## RECORDED INFORMATION

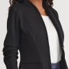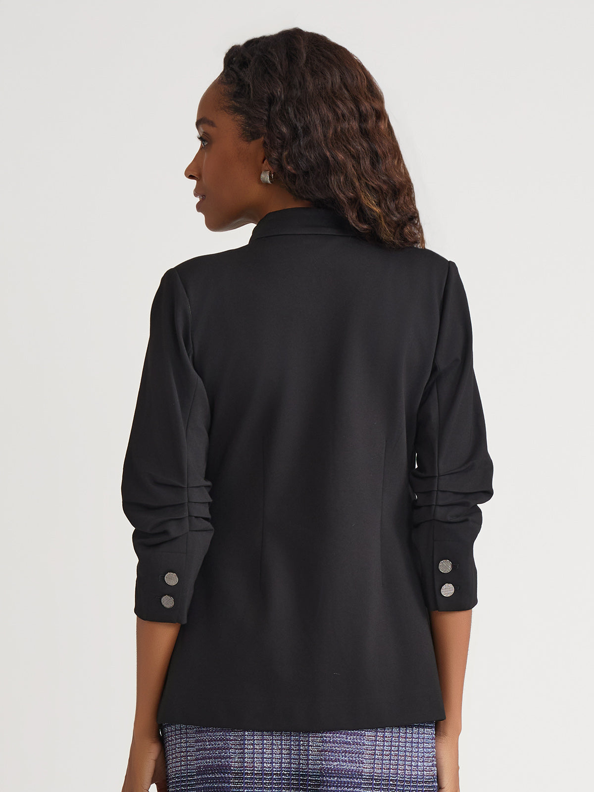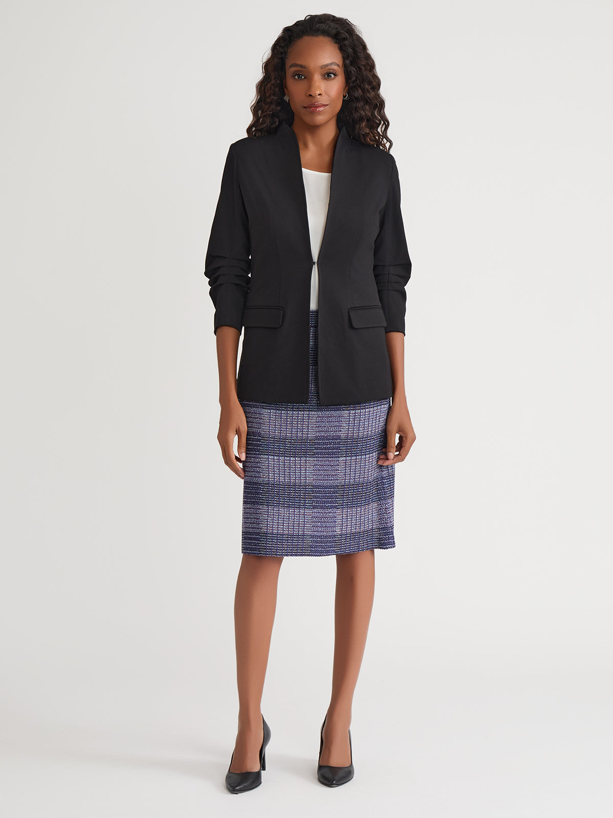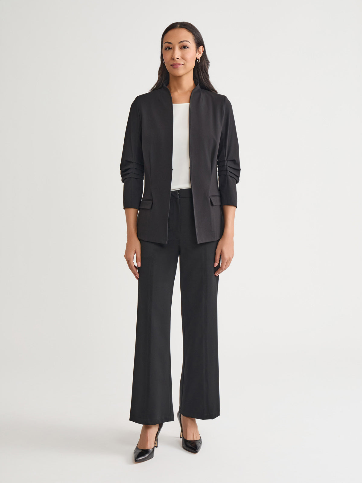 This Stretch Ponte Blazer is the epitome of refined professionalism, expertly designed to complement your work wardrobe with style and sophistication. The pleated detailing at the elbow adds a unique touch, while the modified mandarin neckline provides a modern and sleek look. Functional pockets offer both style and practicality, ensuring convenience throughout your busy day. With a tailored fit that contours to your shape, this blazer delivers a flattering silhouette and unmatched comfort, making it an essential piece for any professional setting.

==

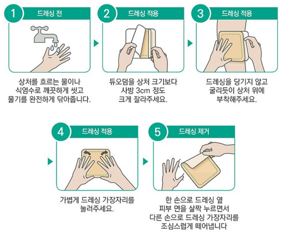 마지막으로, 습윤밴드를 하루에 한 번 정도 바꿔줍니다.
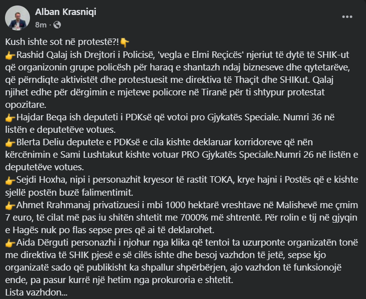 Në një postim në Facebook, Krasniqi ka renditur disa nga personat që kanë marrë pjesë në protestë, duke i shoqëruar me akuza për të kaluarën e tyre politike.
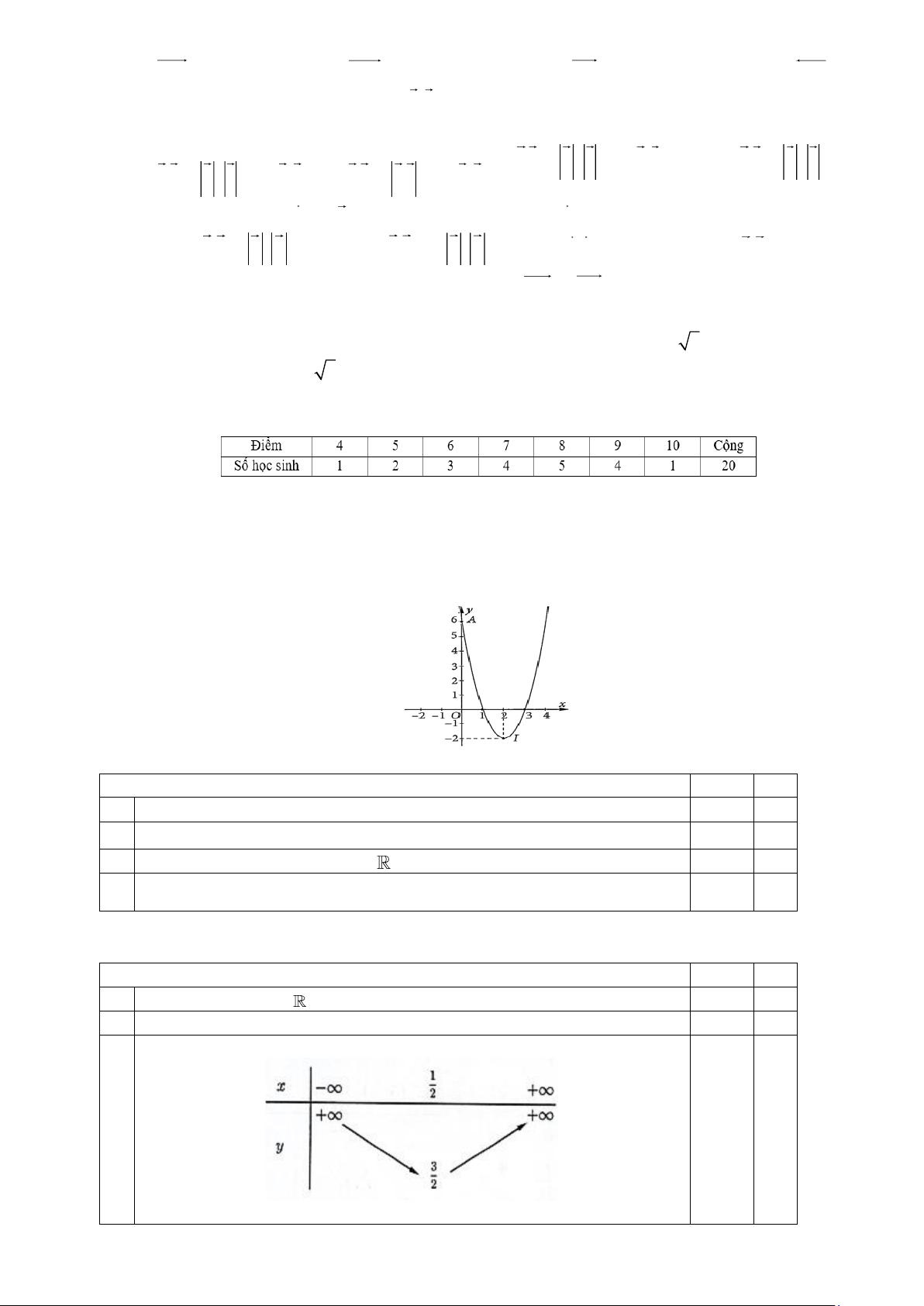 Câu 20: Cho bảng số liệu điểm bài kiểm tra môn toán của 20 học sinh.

## WHAT YOU ARE ASKED TO DO
Repeat exactly, and only, the entries from the line with "마지막으로, 습윤밴드를 하루에 한 번 정도 바꿔줍니다." through the line with "Câu 20: Cho". Pictures are skipped.

## COMPLETED TASK
 마지막으로, 습윤밴드를 하루에 한 번 정도 바꿔줍니다.
 Në një postim në Facebook, Krasniqi ka renditur disa nga personat që kanë marrë pjesë në protestë, duke i shoqëruar me akuza për të kaluarën e tyre politike.
 Câu 20: Cho bảng số liệu điểm bài kiểm tra môn toán của 20 học sinh.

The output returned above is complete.